I was only good enough to play small parts because my English, according to them, was not understandable to English-speaking people. They said they know it’s difficult, especially for somebody like me whose first language is not English. Funny, I’ve been speaking English since I was a kid. Having been born in the Philippines, English was a major language. Yes, at the time I had a slight accent, (operative word SLIGHT), but it was understandable. (I came to Canada in 1991 at the age of 11 – trust me, by the time the year 2000 hit, I lost 80% of it). And it just so happened that one of my classmates was from France who also had a slight accent and who happened to be white, yet she played major parts during my graduating class’ final year performances. Hmmm. Interesting, isn’t it?

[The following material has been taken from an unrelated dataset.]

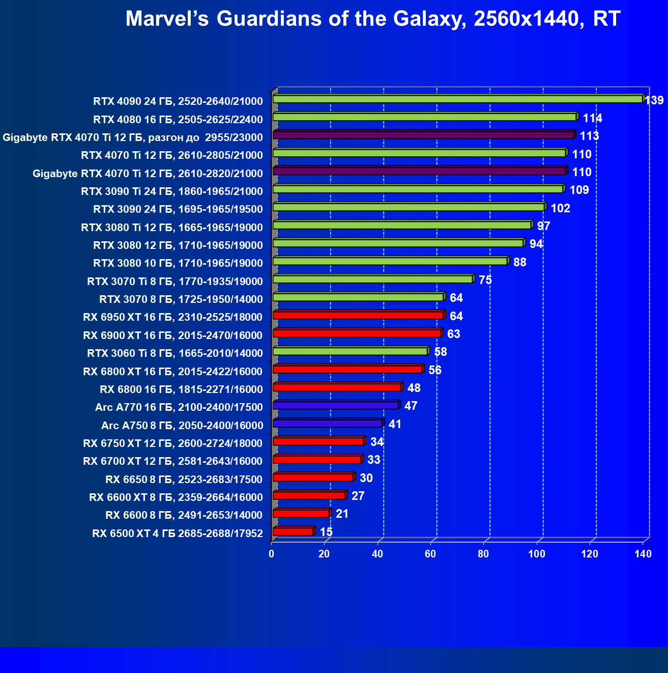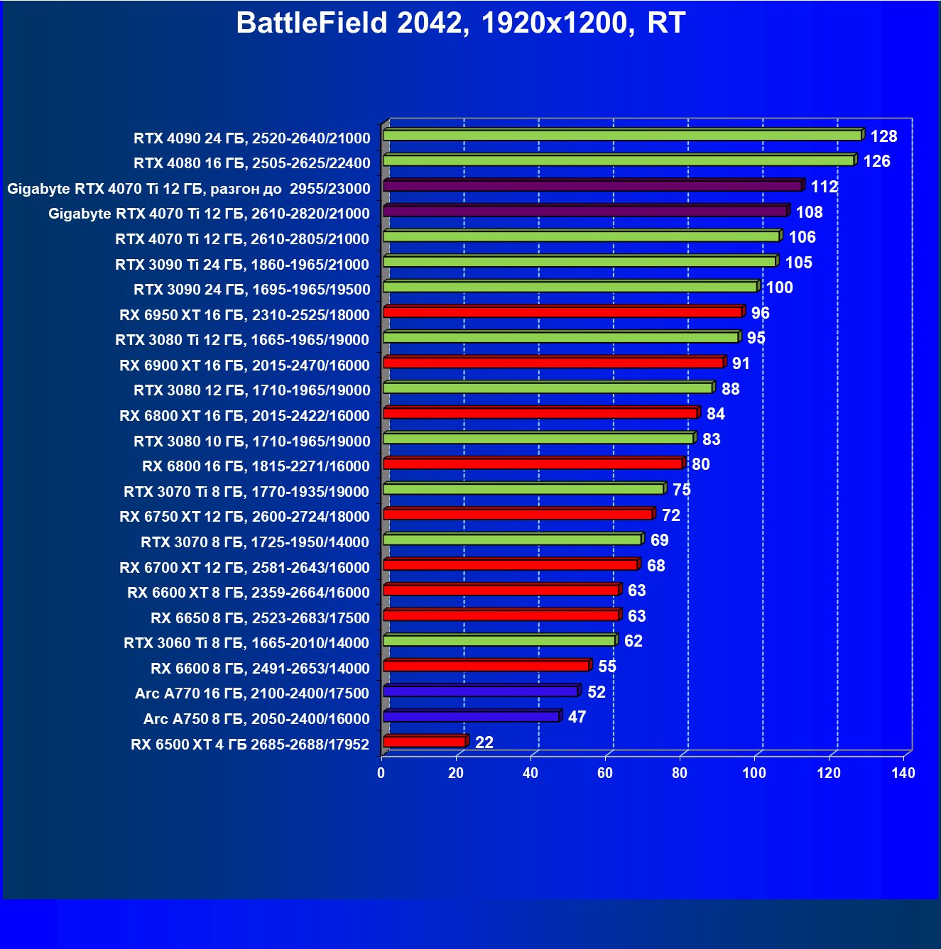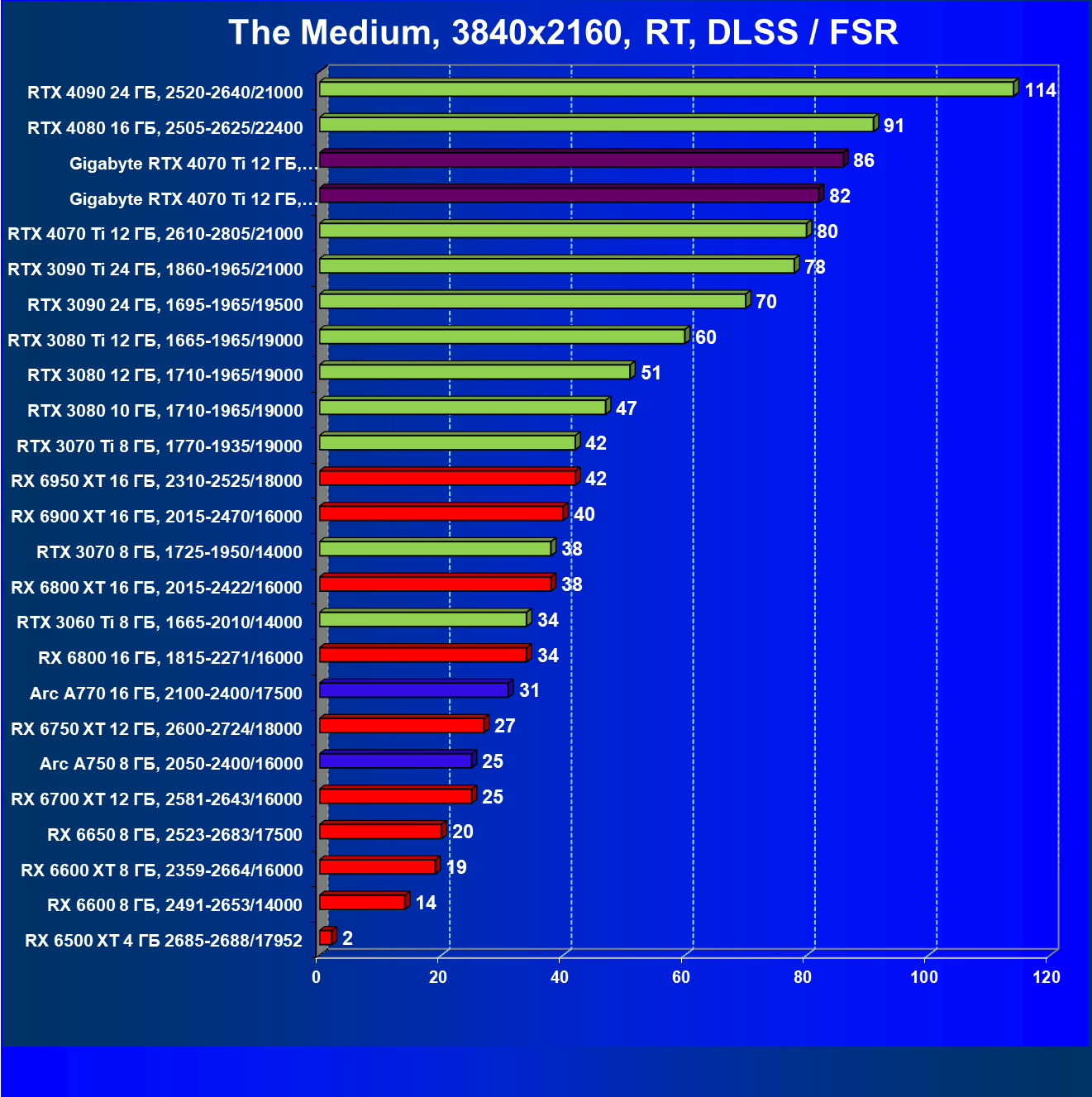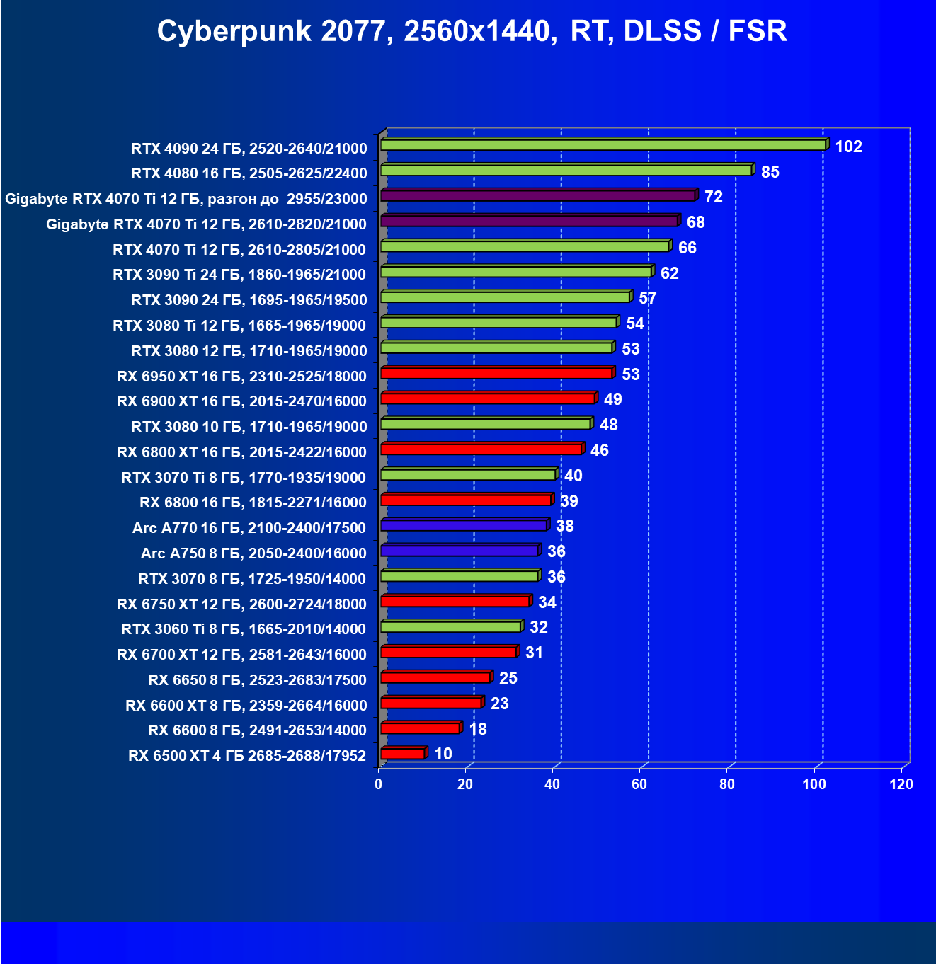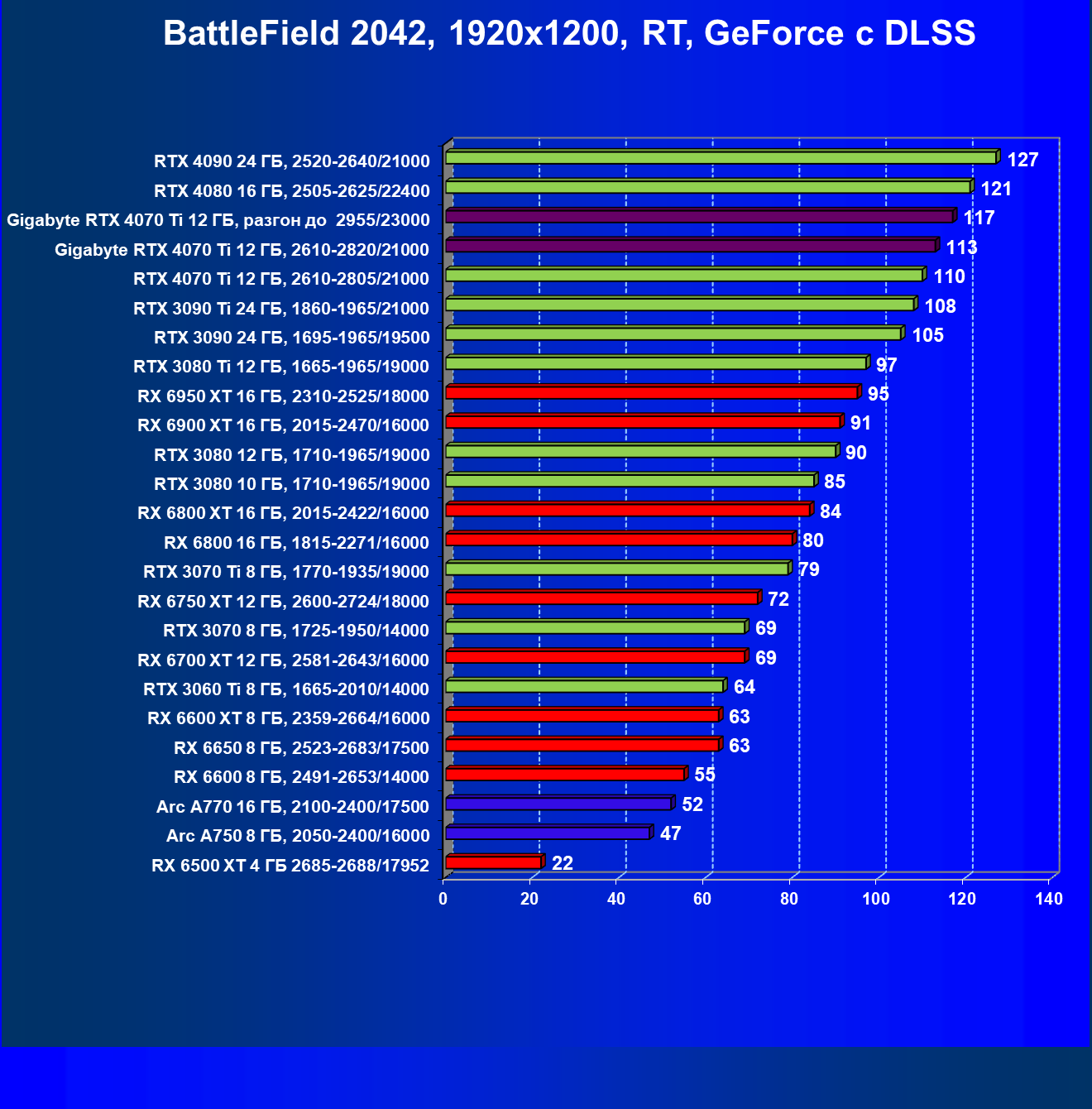 | 18 | Gigabyte RTX 4070 Ti Gaming OC 12 ГБ, 2610—2820/21000 | 56 | 472 | 84 000 |

The last time I read an article about Toronto’s diversity, it said 45% of the people in this city are visible minorities, many of them not born in Canada or came here as a child. Canadians are also always quick to be proud to say that our country is very much diversified. You look around and see people of many different ethnicities with different beautiful sounds from around the world– my old dentist was Greek, my eye doctor is Romanian, my boss at work is Iranian, the grocery store beside my apartment is owned by a Korean family, the pharmacist at the drug store two blocks down is Indian, even classrooms these days look like a mini United Nations! – how come we don’t see them reflected on stage and on screen, and not just on stereotypical parts (please, no more Chinese food delivery guys who do not speak English or middle-Eastern cab drivers!)? Would it hurt to cast the lead hotshot doctor as a Jamaican guy who has a little bit of a Jamaican sound in his speech, or that big time lawyer as a woman of Spanish descent who speaks with a little bit of a Spanish tone? As long as what they say is clear and understandable (operative words CLEAR and UNDERSTANDABLE), why is it a big problem?
The answer? Well, quoting a lady agent whom I’ve met with two years ago (who did say that on a scale of 1 to 10, with 10 being the perfect Canadian sound, I’m a 7) – “You don’t sound Canadian enough.”
I guess that means me and the other growing 45% population in this city.